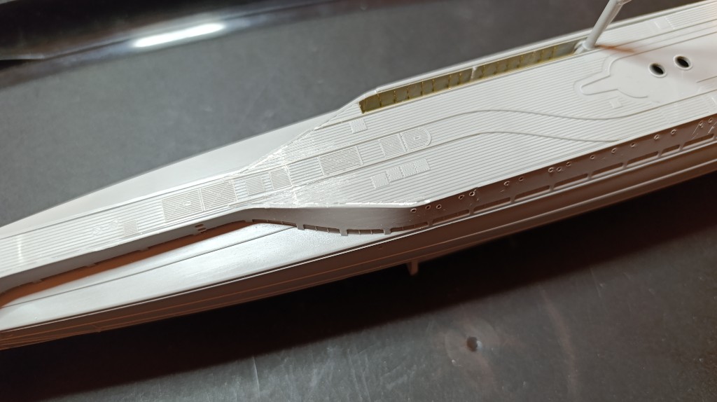 Das selbe passierte auf der anderen Seite. Da ich das PE-Teil für das Deck nicht verwenden werde, weil es kein wesentlich Mehrwert hat,habe ich es auf den normalen Bausatzdeck angebracht.
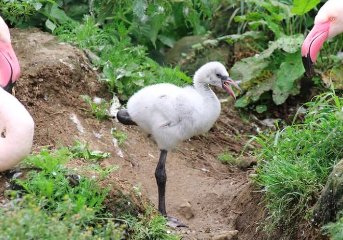 Bayi burung flamingo saat lahir tidak berwarna pink melainkan abu-abu, dan lebih mirip dengan kisah anak itik buruk rupa. Foto: via BrightSide
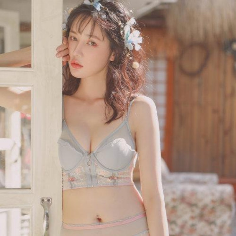AURORAALBA/AuroraAlba in Garden Pink and Blue Daisy Embroidered Lace Retro Steel Rim Underwear Tank Top $36.4 |
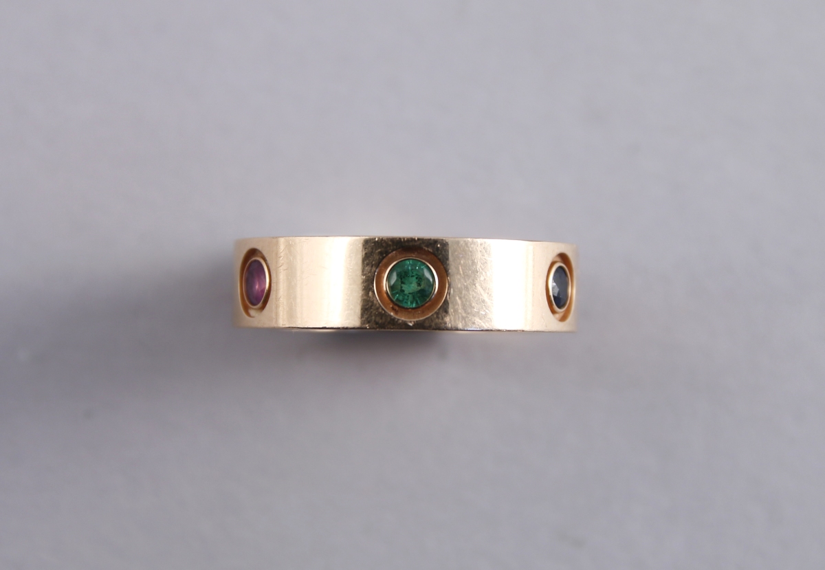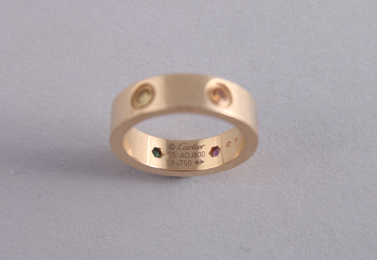 CARTIER. BAGUE "LOVE" en or rose 18K sertie de six pierres de couleur : un saphir rose, un saphir bleu, un saphir jaune, un grenat vert, un grenat orange et une améthyste. Signée et numérotée "ADJ800/55". Accompagnée de son certificat.
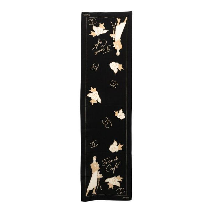 シャネル ココマーク 総柄 スカーフ ブラック ベージュ シルク レディース CHANEL 【中古】
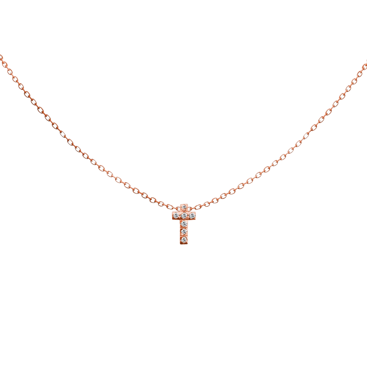 Ogrlica s križem iz kubičnega cirkonija iz 14K rožnatega zlata
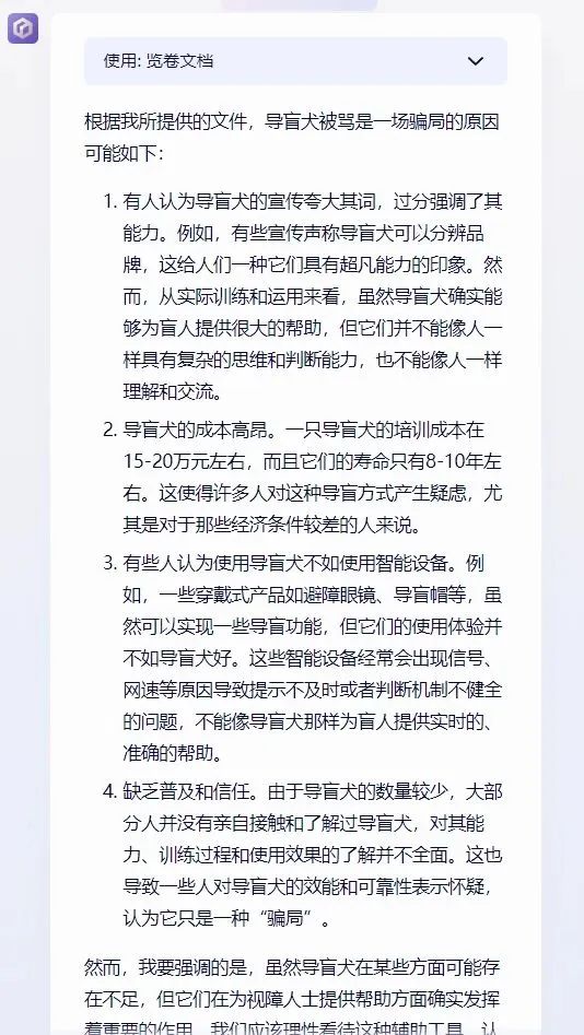 反倒是文心这一边理解的很准确,它回答的成本高、夸大宣传、不如导盲设备前景好等等,这些才是关键信息。
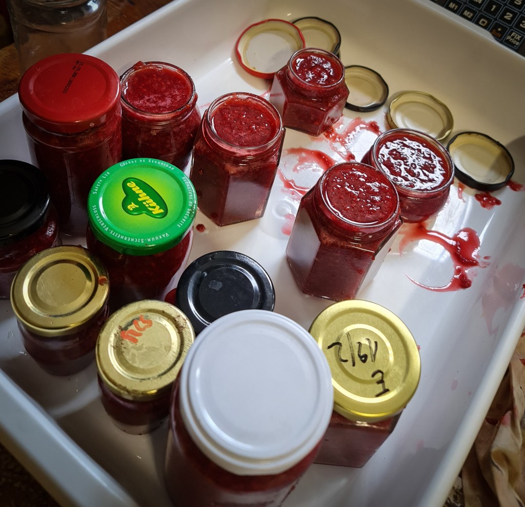 Kilenc kilónyi szunnyadó málnaszem várta a fagyasztóban a feltámadást, ami most éppen hajnalra esett. Idáig nem akadt rájuk időm. Meg persze, vártam, hátha a késeiek is beérnek. Hiába. Maradtak a korai nyár gyümölcsei.
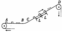 一传送带装置示意如图2所示,其中传送带经过AB区域时是水平的,经过BC区域时变为圆弧形(圆弧由光滑模板形成,未画出),经过CD区域时是倾斜的,AB和CD都与BC相切。现将大量的质量均为m的小货箱一个一个在A处放到传送带上,放置时初速为零,经传送带运送到D处,D和A的高度差为h。稳定工作时传送带速度不变,CD段上各箱等距排列,相邻两箱的距离为L。每个箱子在A处投放后,在到达B之前已经相对于传送带静止,且以后也不再滑动(忽略经BC段时的微小滑动)。已知在一段相当长的时间T内,共运送小货箱的数目为N。这装置由电动机带动,传送带与轮子间无相对滑动,不计轮轴处的摩擦。求电动机的平均抽出功率
____
Give back exactly the lines from the one containing "Bayi burung flamingo" to the final line of the entries, both included, and no picture.

 Bayi burung flamingo saat lahir tidak berwarna pink melainkan abu-abu, dan lebih mirip dengan kisah anak itik buruk rupa. Foto: via BrightSide
AURORAALBA/AuroraAlba in Garden Pink and Blue Daisy Embroidered Lace Retro Steel Rim Underwear Tank Top $36.4 |
 CARTIER. BAGUE "LOVE" en or rose 18K sertie de six pierres de couleur : un saphir rose, un saphir bleu, un saphir jaune, un grenat vert, un grenat orange et une améthyste. Signée et numérotée "ADJ800/55". Accompagnée de son certificat.
 シャネル ココマーク 総柄 スカーフ ブラック ベージュ シルク レディース CHANEL 【中古】
 Ogrlica s križem iz kubičnega cirkonija iz 14K rožnatega zlata
 反倒是文心这一边理解的很准确,它回答的成本高、夸大宣传、不如导盲设备前景好等等,这些才是关键信息。
 Kilenc kilónyi szunnyadó málnaszem várta a fagyasztóban a feltámadást, ami most éppen hajnalra esett. Idáig nem akadt rájuk időm. Meg persze, vártam, hátha a késeiek is beérnek. Hiába. Maradtak a korai nyár gyümölcsei.
 一传送带装置示意如图2所示,其中传送带经过AB区域时是水平的,经过BC区域时变为圆弧形(圆弧由光滑模板形成,未画出),经过CD区域时是倾斜的,AB和CD都与BC相切。现将大量的质量均为m的小货箱一个一个在A处放到传送带上,放置时初速为零,经传送带运送到D处,D和A的高度差为h。稳定工作时传送带速度不变,CD段上各箱等距排列,相邻两箱的距离为L。每个箱子在A处投放后,在到达B之前已经相对于传送带静止,且以后也不再滑动(忽略经BC段时的微小滑动)。已知在一段相当长的时间T内,共运送小货箱的数目为N。这装置由电动机带动,传送带与轮子间无相对滑动,不计轮轴处的摩擦。求电动机的平均抽出功率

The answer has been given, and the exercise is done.